О кризисе денежной системы и реформах в николаевскую эпоху см. [Кашкаров 1898].
Я использую термин «поэтика» в базовом значении «творческих принципов, определяющих любую литературную, культурную или общественную структуру» [Oxford English Dictionary 2016].
Создателем Александровской колонны был архитектор О. Монферран.
О влиянии Адама Смита на декабристов см. [Цвайнерт 2008:108-12; Лотман 1995: 557].
«Лишний человек» является предметом изучения в работах Э. Ченчес, Дж. Кларди и Б. Кларди и Ф. Ф. Сили [Chances 1978; Clardy, Clardy 1980; Seeley 1994].
Эта рискованность подтверждается судьбой таких пионеров экономического мышления, как Ю. Крижанич (1617–1683) и И. Т. Посошков (1652–1726). Крижанич, хорватский ученый и искатель приключений, жил в России, написал трактат об экономических проблемах государства в период правления царя Алексея Михайловича (1645–1676), был сослан в Сибирь по подозрению в намерении ниспровержения власти еще до написания своего трактата. После завершения своего труда ему пришлось прибегнуть к содействию иностранных дипломатов, чтобы бежать из России [Krizanic 1985: xii]. Успешный купец Посошков составил в 1724 году трактат под названием «Книга о скудости и богатстве» (издана впервые в 1842 году) как рекомендацию для Петра I. Он был арестован вскоре после завершения книги и умер в Петропавловской крепости [Shirokograd 2008: 26–28].

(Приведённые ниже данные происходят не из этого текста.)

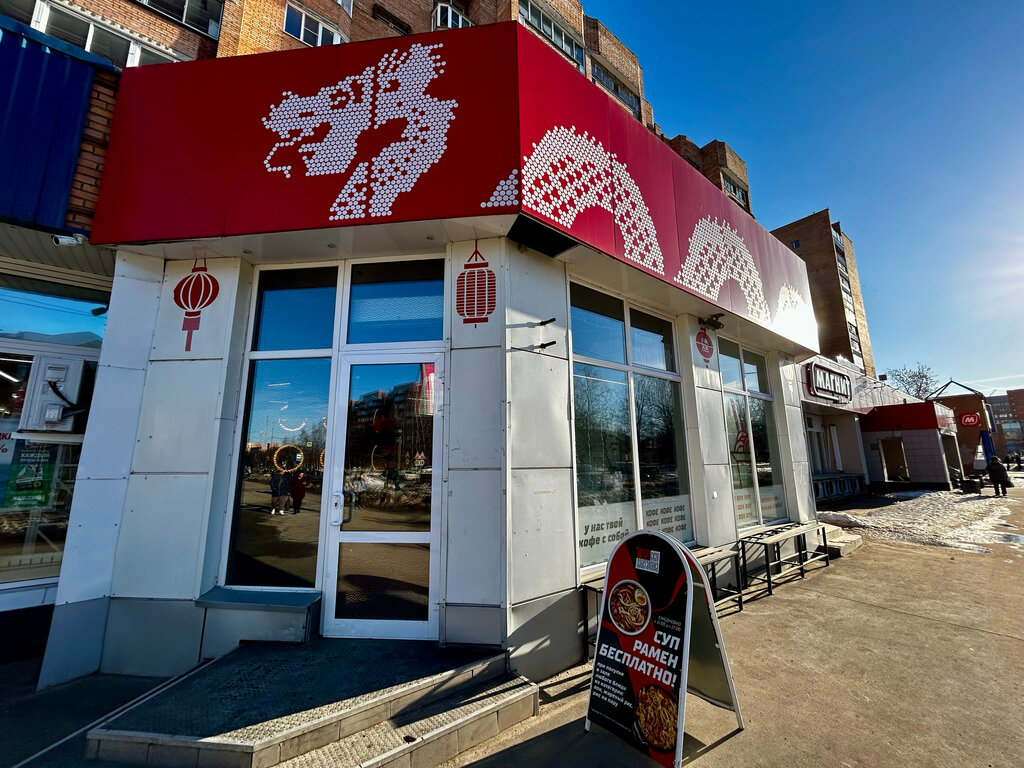 Очень приличное, чистое место с демократичными ценами и вкусной едой. Симпатичный интерьер, интересное решение с плиткой на столах. Брали сет с собой, везли в село в 5 остановках на электричке от Дубны и ели уже на следующее утро — роллы даже после этого выглядели и на вкус были свежайшие, значит, готовят из качественных продуктов. Максимально довольна. Единственное, хотелось бы доставку до наших мест, но это что-то из разряда фантастики хд

Давая эти образы для сравнения, я следую примеру Н. Мелас. В каждой главе своей книги она представляет «литературно-теоретический образ для этой несопоставимости, в котором можно найти почву для сравнения, но не основу для эквивалентности», в том числе «антагонист», «диссимиляция», «сравнение» Com-paraison), «отношение», «исковерканная метафора» и «катастрофическая миниатюризация» [Melas 2007: xiii].